■ **Material shown**:

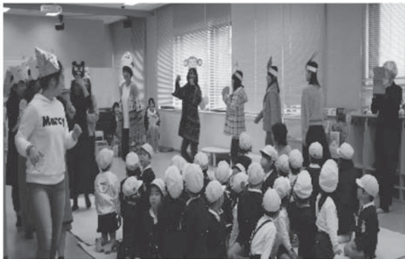
資料 2. 4 歳児を対象にした作品発表の様子

合表現Ⅲ」を計画、実践していく予定である。そこで「総合表現Ⅲ」のパイロット実践として行った平成 27 年度後期短期大学部こども保育学科 2 年次「保育実践演習」での取り組みを次項に挙げることにする。
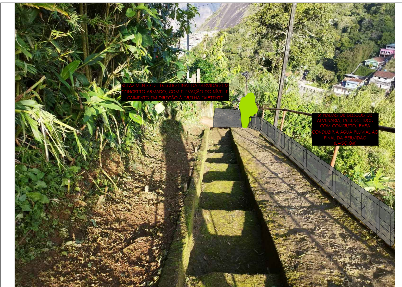
1 FIGURA 01 - INTERVENÇÕES SERVIDÃO SUPERIOR SEM ESCALA
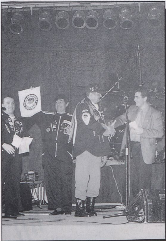
■ Els Merlots s'anticiparen al Carnaval celebrant el seu quinze aniversari.
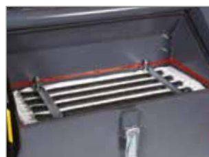
FILTRO IN TESSUTO
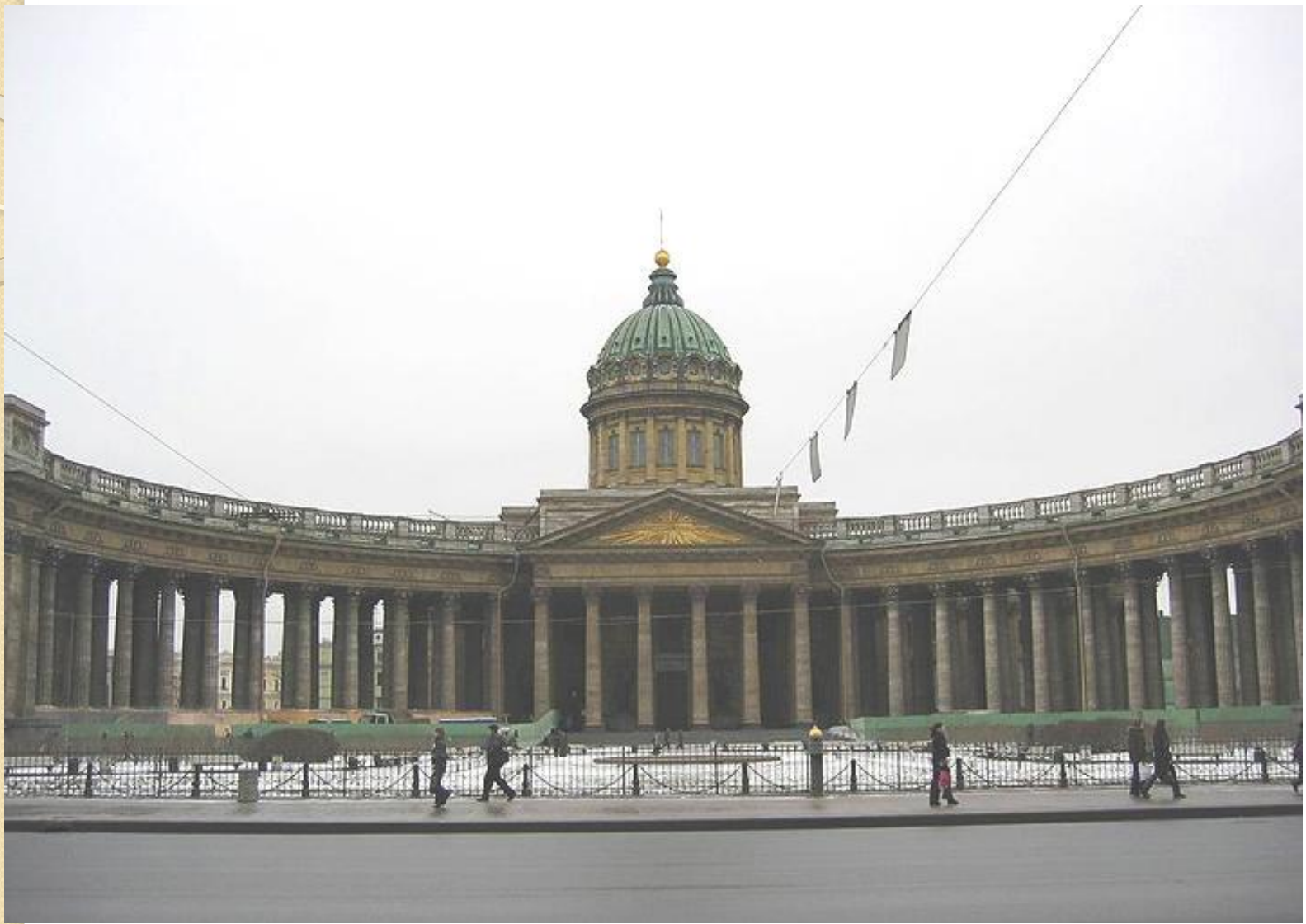
Казанский собор А. Н. Воронихин.
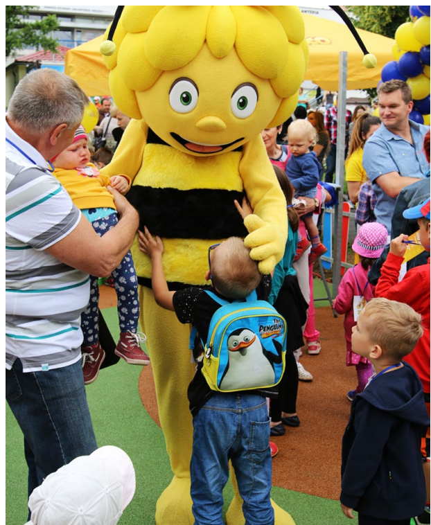
Desaťtisíce ľudí a celé mestá sa usilovne snažili získať krásne ihrisko práve pre svoje mesto.

herné prvky sa nesú vo veselých a hravých motívoch s podobizňami Včielky Maje a jej priateľov. Samozrejmosťou sú lavičky, odpadkové koše a stojisko na bicykle. Hodnota ihrísk je spolu 870 000 eur.
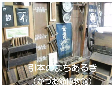
引本のまちあるき (かつお節博物館)
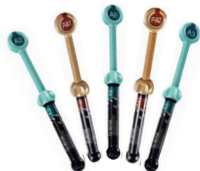
G-aenial Anterior / Posterior
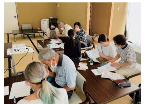
※写真は昨年度の様子です

TEL: 3802-3338 FAX: 3802-3831 メール: vorasen@arakawa-shakyo.or.jp
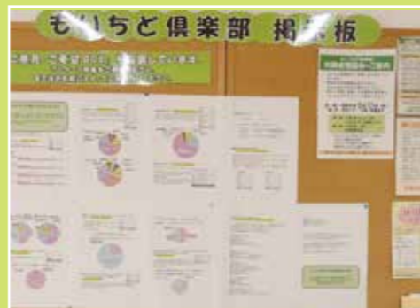
1階「もいちど倶楽部 掲示板」店内掲示板(レジ前)
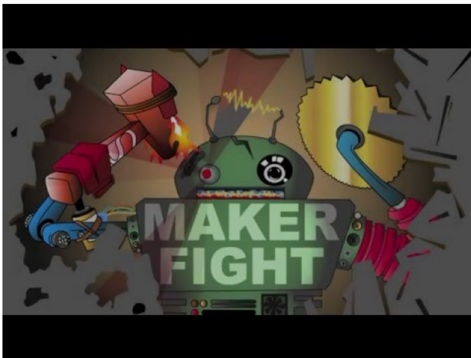
Bande annonce de #Makerfight 2

Toutes les infos sont sur le site internet dédié: http://www.makerfight.fr/
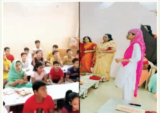
जयपुर. शाबाश इंडिया
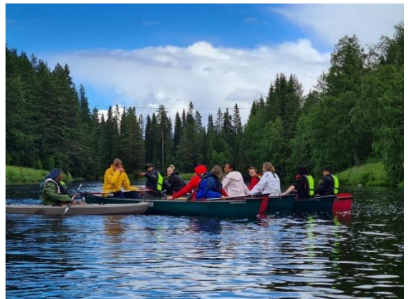
Mynd frá legu hjá BKU í Norra og Blåbandet í Svøríki

Stk. 4. Lokalfeløg, sum søkja, skulu lúka hesar treytir og hava:
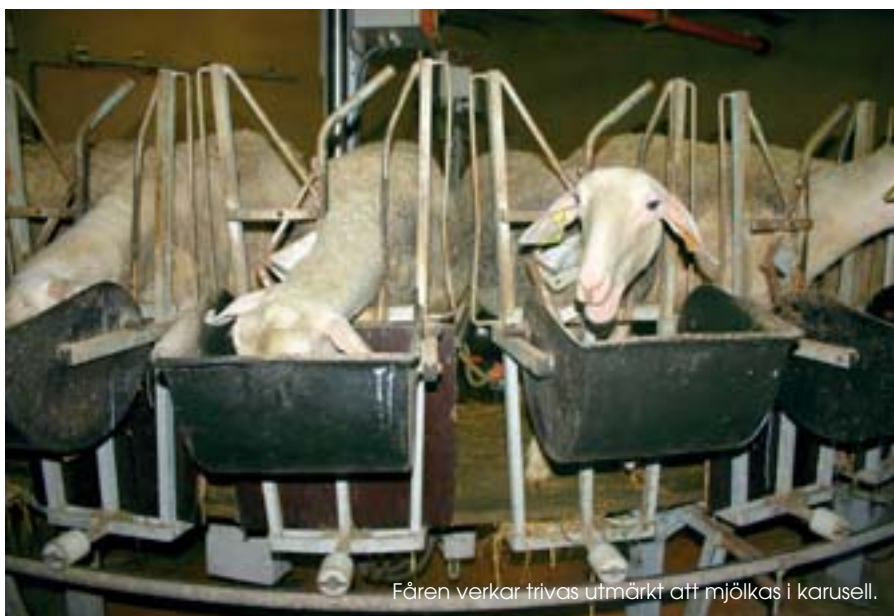
Fåren verkar trivas utmärkt att mjölkas i karusell.
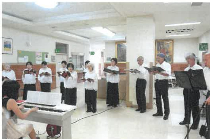
（今年も素晴らしいハーモニーでした 来年もぜひ開催をお願いします！！）

あっという間の時間ではありましたが、「アルビレオ」の皆さんの素敵なハーモニーに酔いしれたひと時でした。今回、お越しになれなかった方は、ぜひ次の機会にお越しください。
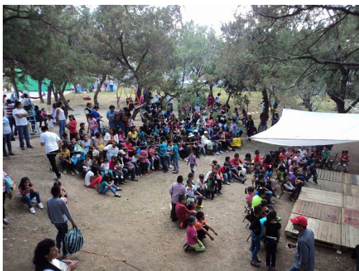
Figura 1: Parque del Esfuerzo. Celebración del día del niño.

■ **Task directions**: Copy out every entry above exactly. Leave the pictures out.

■ **Solution to this task**:
資料 2. 4 歳児を対象にした作品発表の様子

合表現Ⅲ」を計画、実践していく予定である。そこで「総合表現Ⅲ」のパイロット実践として行った平成 27 年度後期短期大学部こども保育学科 2 年次「保育実践演習」での取り組みを次項に挙げることにする。
1 FIGURA 01 - INTERVENÇÕES SERVIDÃO SUPERIOR SEM ESCALA
■ Els Merlots s'anticiparen al Carnaval celebrant el seu quinze aniversari.
FILTRO IN TESSUTO
Казанский собор А. Н. Воронихин.
Desaťtisíce ľudí a celé mestá sa usilovne snažili získať krásne ihrisko práve pre svoje mesto.

herné prvky sa nesú vo veselých a hravých motívoch s podobizňami Včielky Maje a jej priateľov. Samozrejmosťou sú lavičky, odpadkové koše a stojisko na bicykle. Hodnota ihrísk je spolu 870 000 eur.
引本のまちあるき (かつお節博物館)
G-aenial Anterior / Posterior
※写真は昨年度の様子です

TEL: 3802-3338 FAX: 3802-3831 メール: vorasen@arakawa-shakyo.or.jp
1階「もいちど倶楽部 掲示板」店内掲示板(レジ前)
Bande annonce de #Makerfight 2

Toutes les infos sont sur le site internet dédié: http://www.makerfight.fr/
जयपुर. शाबाश इंडिया
Mynd frá legu hjá BKU í Norra og Blåbandet í Svøríki

Stk. 4. Lokalfeløg, sum søkja, skulu lúka hesar treytir og hava:
Fåren verkar trivas utmärkt att mjölkas i karusell.
（今年も素晴らしいハーモニーでした 来年もぜひ開催をお願いします！！）

あっという間の時間ではありましたが、「アルビレオ」の皆さんの素敵なハーモニーに酔いしれたひと時でした。今回、お越しになれなかった方は、ぜひ次の機会にお越しください。
Figura 1: Parque del Esfuerzo. Celebración del día del niño.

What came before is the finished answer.